:: RECORDS FOR THE TASK ::

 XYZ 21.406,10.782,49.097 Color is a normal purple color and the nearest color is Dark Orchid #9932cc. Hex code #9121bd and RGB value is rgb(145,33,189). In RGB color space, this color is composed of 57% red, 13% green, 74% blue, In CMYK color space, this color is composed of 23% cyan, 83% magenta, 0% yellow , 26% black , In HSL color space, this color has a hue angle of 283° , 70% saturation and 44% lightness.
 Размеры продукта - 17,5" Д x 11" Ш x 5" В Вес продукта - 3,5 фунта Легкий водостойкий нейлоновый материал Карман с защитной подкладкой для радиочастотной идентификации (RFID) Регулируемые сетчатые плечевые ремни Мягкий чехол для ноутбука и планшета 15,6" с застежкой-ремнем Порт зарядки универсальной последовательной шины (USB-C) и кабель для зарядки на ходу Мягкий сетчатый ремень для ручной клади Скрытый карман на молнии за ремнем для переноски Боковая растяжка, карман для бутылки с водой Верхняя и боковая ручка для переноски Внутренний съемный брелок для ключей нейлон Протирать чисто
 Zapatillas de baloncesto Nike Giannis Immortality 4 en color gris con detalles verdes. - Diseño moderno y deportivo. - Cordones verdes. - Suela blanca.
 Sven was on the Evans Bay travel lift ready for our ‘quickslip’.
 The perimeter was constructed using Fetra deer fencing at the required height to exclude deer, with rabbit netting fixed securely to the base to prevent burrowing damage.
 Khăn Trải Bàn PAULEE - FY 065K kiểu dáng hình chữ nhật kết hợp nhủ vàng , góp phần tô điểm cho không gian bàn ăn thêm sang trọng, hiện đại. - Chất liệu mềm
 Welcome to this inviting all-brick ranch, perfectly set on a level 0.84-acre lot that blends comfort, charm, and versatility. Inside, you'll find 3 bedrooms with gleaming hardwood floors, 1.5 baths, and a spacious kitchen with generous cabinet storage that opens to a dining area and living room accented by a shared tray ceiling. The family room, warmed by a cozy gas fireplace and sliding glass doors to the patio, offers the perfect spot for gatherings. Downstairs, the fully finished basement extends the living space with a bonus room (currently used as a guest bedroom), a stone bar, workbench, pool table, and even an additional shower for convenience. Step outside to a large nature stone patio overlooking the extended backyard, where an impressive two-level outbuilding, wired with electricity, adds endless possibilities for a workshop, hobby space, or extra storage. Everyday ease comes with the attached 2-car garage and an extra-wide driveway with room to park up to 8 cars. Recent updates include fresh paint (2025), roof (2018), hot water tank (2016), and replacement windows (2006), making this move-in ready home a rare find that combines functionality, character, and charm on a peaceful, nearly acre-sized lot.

:::

_TASK OBJECTIVE_
Repeat exactly the lines of the data from the first one through the line with "Zapatillas de baloncesto", both of them included.

_ANSWER BOX_
 XYZ 21.406,10.782,49.097 Color is a normal purple color and the nearest color is Dark Orchid #9932cc. Hex code #9121bd and RGB value is rgb(145,33,189). In RGB color space, this color is composed of 57% red, 13% green, 74% blue, In CMYK color space, this color is composed of 23% cyan, 83% magenta, 0% yellow , 26% black , In HSL color space, this color has a hue angle of 283° , 70% saturation and 44% lightness.
 Размеры продукта - 17,5" Д x 11" Ш x 5" В Вес продукта - 3,5 фунта Легкий водостойкий нейлоновый материал Карман с защитной подкладкой для радиочастотной идентификации (RFID) Регулируемые сетчатые плечевые ремни Мягкий чехол для ноутбука и планшета 15,6" с застежкой-ремнем Порт зарядки универсальной последовательной шины (USB-C) и кабель для зарядки на ходу Мягкий сетчатый ремень для ручной клади Скрытый карман на молнии за ремнем для переноски Боковая растяжка, карман для бутылки с водой Верхняя и боковая ручка для переноски Внутренний съемный брелок для ключей нейлон Протирать чисто
 Zapatillas de baloncesto Nike Giannis Immortality 4 en color gris con detalles verdes. - Diseño moderno y deportivo. - Cordones verdes. - Suela blanca.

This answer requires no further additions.